Dopo aver contato le cellule, risospendere le cellule in PBS ad una concentrazione finale di cinque volte 10 alle quinte cellule per 50 microlitri. Per iniziare il trasferimento dei macrofagi interstiziali, fissare gli arti del topo ricevente anestetizzato su una piastra verticale con nastro medico e tirare delicatamente la lingua del topo da un lato, usando un batuffolo di cotone. Dopo aver acceso la lampada di intubazione, illuminarla sulla gola del topo per vedere la trachea, che dovrebbe essere vicina alla base della lingua.
Inserire la cannula dell'ago di permanenza nella trachea utilizzando la lampada per intubazione calibro 22 e il filo guida del diametro di 0,4 millimetri. Per terminare l'intubazione, rimuovere il filo guida e spingere la cannula nella trachea del topo. Ora iniettare 50 microlitri della sospensione cellulare nel topo ricevente attraverso la trachea quando si vede la cannula entrare nella trachea.
Dopo 24 ore, somministrare bleomicina attraverso la trachea per indurre la fibrosi polmonare idiopatica. Somministrare anche un volume uguale di soluzione salina al gruppo di controllo.

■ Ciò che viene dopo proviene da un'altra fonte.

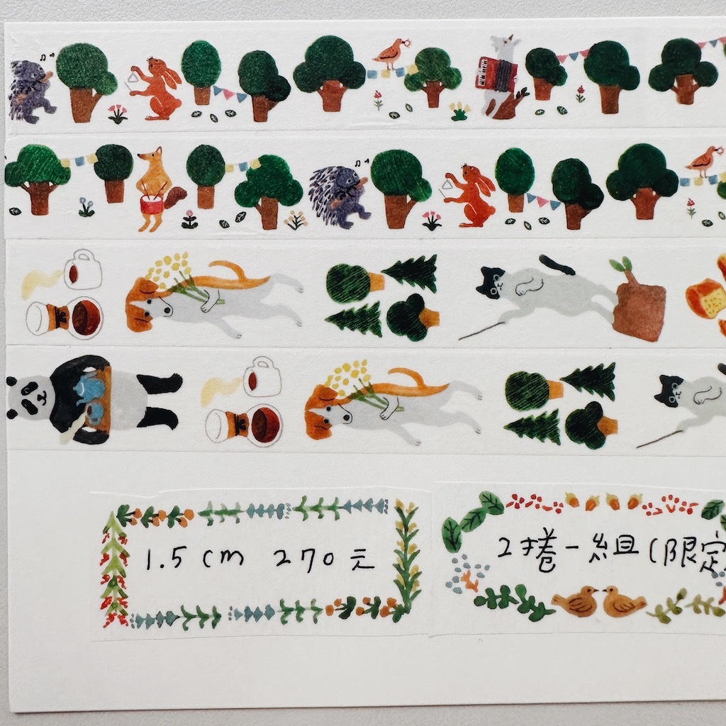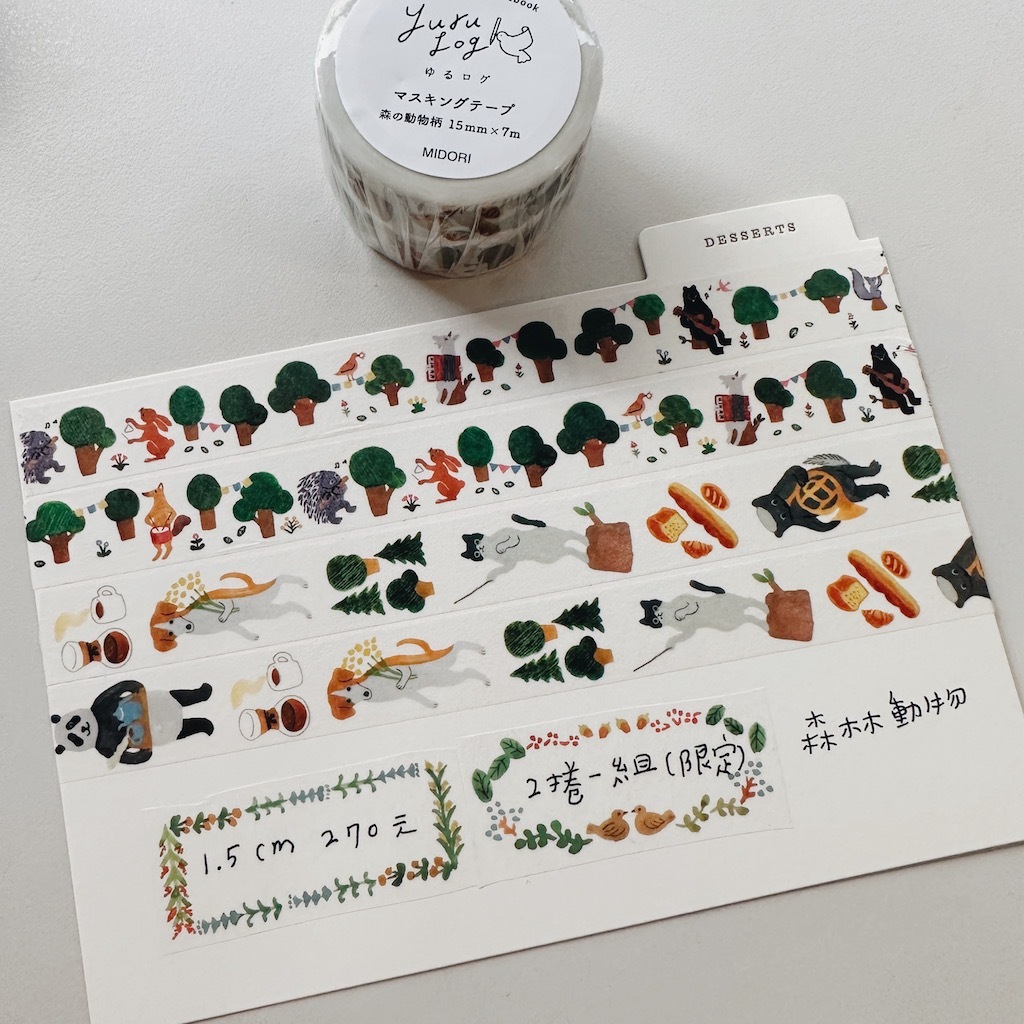 森の動物 2入 15mm和紙膠帶 Yuru Log特展限定|日本Midori
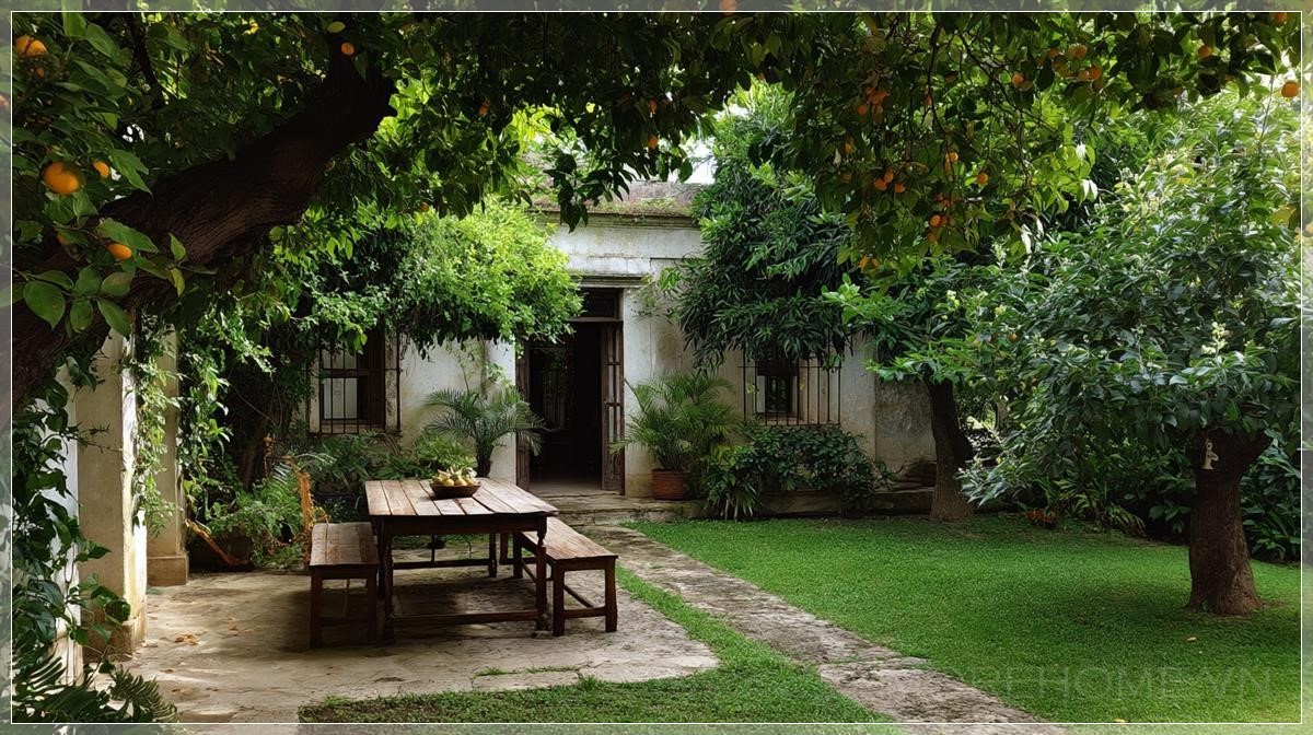 Bước chân ra khỏi cửa sau, bạn sẽ được chào đón bởi một không gian xanh mát rượi, nơi những tán cây sum suê vươn cao như những chiếc ô khổng lồ che chở cho khu vườn nhỏ. Đây không chỉ đơn thuần là một sân sau, mà còn là linh hồn của ngôi nhà, nơi thiên nhiên và cuộc sống hòa quyện một cách hoàn hảo.

Dopo 21 giorni, determinare il grado di gravità della fibrosi polmonare valutando l'espressione dei marcatori per la fibrosi e i punteggi di Ashcroft.
La colorazione HE ha mostrato che il trasferimento adottivo di interleuchine 33 ha stimolato i macrofagi ha esacerbato il grado di distruzione del tessuto polmonare e aumentato l'aggregazione dei fibroblasti nei topi stimolati dalla bleomicina, rispetto al controllo. L'aumento del punteggio di Ashcroft illustra anche il grado di fibrosi polmonare. I livelli di espressione di mRNA di alfa SMA e fibronectina nei tessuti polmonari del topo ricevente contenenti macrofagi interstiziali stimolati da interleuchine 33 trasferite in modo adottivo e trattati con bleomicina erano più alti, rispetto a quelli dei topi wild-type trattati con BLM.
500 microlitri di aria devono essere immediatamente inseriti nei polmoni con una siringa da un millimetro per garantire che la sospensione cellulare nella cannula possa entrare completamente nel tessuto polmonare.